# [EXTRACTED DATA]
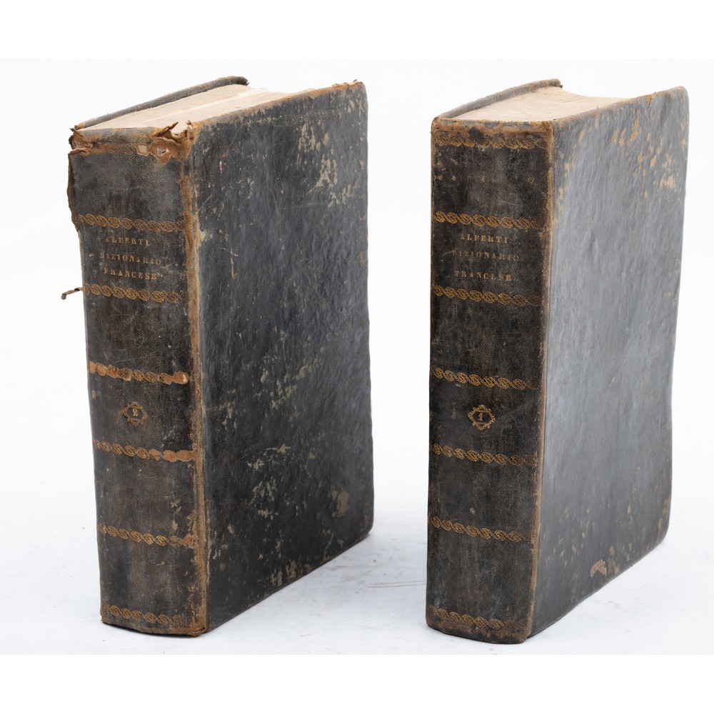DUE VOLUMI DEL DIZIONARIO DI Francesco D’Alberti (abate di Villanova) GRAND DICTIONNAIRE FRANCAIS – ITALIEN. GRAN DIZIONARIO ITALIANO – FRANCESE, Composto su i Dizionarii dell’Accademia di Francia e dell’Accademia della Crusca arricchito di tutti i termini tecnici delle scienze e delle arti. Ed. Napoli, Tipografia del Tasso. 1835. Opera in due volumi. 1^ Ediz. napolitana notabilmente corretta, migliorata ed accresciuta. Due imponenti volumi In 4°. Bella legatura coeva in piena pelle con titoli e fregi impressi in oro ai dorsi. Contiene: Dedica a SAR il Duca di Savoia; Memorie riguardanti l’abate D’Alberti scritte da F. Federighi; Notizie bibliografiche; Prefazione; Indici degli autori e delle opere da cui si trassero le voci adottate; Regole grammaticali; Pronuncia italiana e francese; Tavola delle abbreviature. Testo su tre colonne. Note e glosse m. s. all’inizio dei volumi. Pp. XXXII, 999; XXXII, 1028 con leggere fioriture.
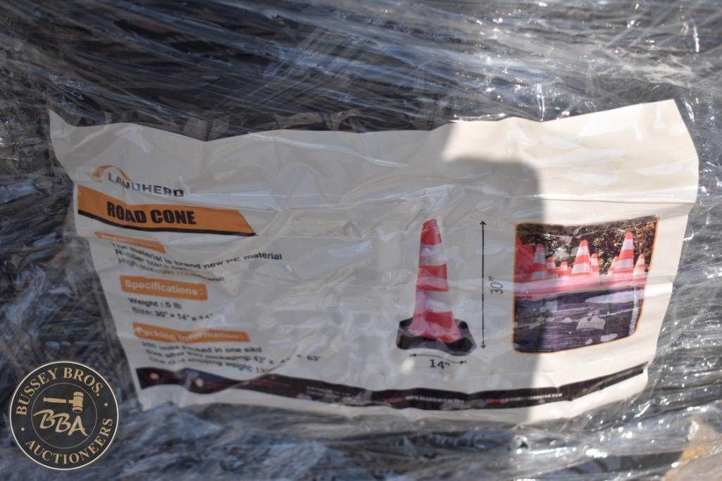 LandHero 30" Traffic Cone, PE Material, Base 14", Weight 5 lbs, Color Orange with White Reflective Bands, High-intensity reflective band. Lot contains 28 Cones
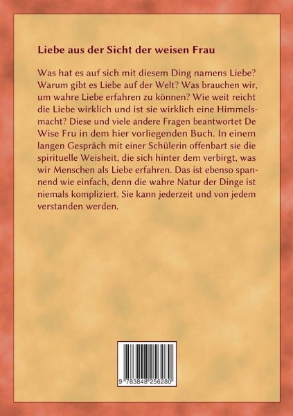Im vorliegenden Buch schreibt Kim Barkmann über die Liebe aus der Sicht der weisen Frau. Welche Funktion hat die Liebe für uns Menschen? Wie geht man mit ihr um? Was können wir tun, um Liebende zu werden? Diese und viele andere Fragen werden hier beantwortet. Es geht um einen nicht alltäglichen Blickwinkel, der vieles erklärt und erhellt.
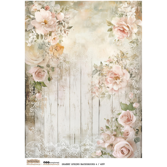 Reispapier Decoupage Bastelpapier A4 - Scraplove - Shabby Spring Background 4
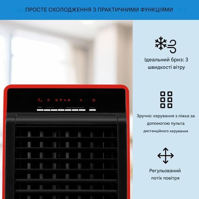 Бажаєте прохолодного вітерця? Не біда, вентилятор oneConcept CTR-1 може забезпечити свіжий вітер на трьох швидкостях і переміщує до 360 м³ повітря на годину. Якщо тепер увімкнути функцію охолодження повітря , повітря від вентилятора також трохи охолоджується за рахунок випаровування води з 8-літрового резервуару пристрою та освіжає вас під час роботи за робочим столом, відпочинку на дивані або приготування їжі на кухні. Ви можете використовувати два пакети з льодом, які входять у комплект, щоб ще більше посилити цей ефект. І навіть взимку або в жарких і сухих місцях зволожувач повітря oneConcept CTR-1 допомагає , зволожуючи повітряний потік і, таким чином, полегшуючи проблемні сухі слизові оболонки. Якщо цього недостатньо, скористайтеся вбудованим іонізатором, який перетворює CTR-1 на практичний очищувач повітря. Іони, що вивільняються, зв’язують не лише запахи, а й частинки пилу чи пилку та дозволяють їм витікати з повітря. Повітроохолоджувач поставляється з практичним пультом дистанційного керування для легкого та зручного керування всіма функціями.

# [INSTRUCTIONS TO FOLLOW]
If a record holds a picture, leave the picture out and copy the rest exactly.

# [ANSWER BELOW]
DUE VOLUMI DEL DIZIONARIO DI Francesco D’Alberti (abate di Villanova) GRAND DICTIONNAIRE FRANCAIS – ITALIEN. GRAN DIZIONARIO ITALIANO – FRANCESE, Composto su i Dizionarii dell’Accademia di Francia e dell’Accademia della Crusca arricchito di tutti i termini tecnici delle scienze e delle arti. Ed. Napoli, Tipografia del Tasso. 1835. Opera in due volumi. 1^ Ediz. napolitana notabilmente corretta, migliorata ed accresciuta. Due imponenti volumi In 4°. Bella legatura coeva in piena pelle con titoli e fregi impressi in oro ai dorsi. Contiene: Dedica a SAR il Duca di Savoia; Memorie riguardanti l’abate D’Alberti scritte da F. Federighi; Notizie bibliografiche; Prefazione; Indici degli autori e delle opere da cui si trassero le voci adottate; Regole grammaticali; Pronuncia italiana e francese; Tavola delle abbreviature. Testo su tre colonne. Note e glosse m. s. all’inizio dei volumi. Pp. XXXII, 999; XXXII, 1028 con leggere fioriture.
 LandHero 30" Traffic Cone, PE Material, Base 14", Weight 5 lbs, Color Orange with White Reflective Bands, High-intensity reflective band. Lot contains 28 Cones
Im vorliegenden Buch schreibt Kim Barkmann über die Liebe aus der Sicht der weisen Frau. Welche Funktion hat die Liebe für uns Menschen? Wie geht man mit ihr um? Was können wir tun, um Liebende zu werden? Diese und viele andere Fragen werden hier beantwortet. Es geht um einen nicht alltäglichen Blickwinkel, der vieles erklärt und erhellt.
 Reispapier Decoupage Bastelpapier A4 - Scraplove - Shabby Spring Background 4
 Бажаєте прохолодного вітерця? Не біда, вентилятор oneConcept CTR-1 може забезпечити свіжий вітер на трьох швидкостях і переміщує до 360 м³ повітря на годину. Якщо тепер увімкнути функцію охолодження повітря , повітря від вентилятора також трохи охолоджується за рахунок випаровування води з 8-літрового резервуару пристрою та освіжає вас під час роботи за робочим столом, відпочинку на дивані або приготування їжі на кухні. Ви можете використовувати два пакети з льодом, які входять у комплект, щоб ще більше посилити цей ефект. І навіть взимку або в жарких і сухих місцях зволожувач повітря oneConcept CTR-1 допомагає , зволожуючи повітряний потік і, таким чином, полегшуючи проблемні сухі слизові оболонки. Якщо цього недостатньо, скористайтеся вбудованим іонізатором, який перетворює CTR-1 на практичний очищувач повітря. Іони, що вивільняються, зв’язують не лише запахи, а й частинки пилу чи пилку та дозволяють їм витікати з повітря. Повітроохолоджувач поставляється з практичним пультом дистанційного керування для легкого та зручного керування всіма функціями.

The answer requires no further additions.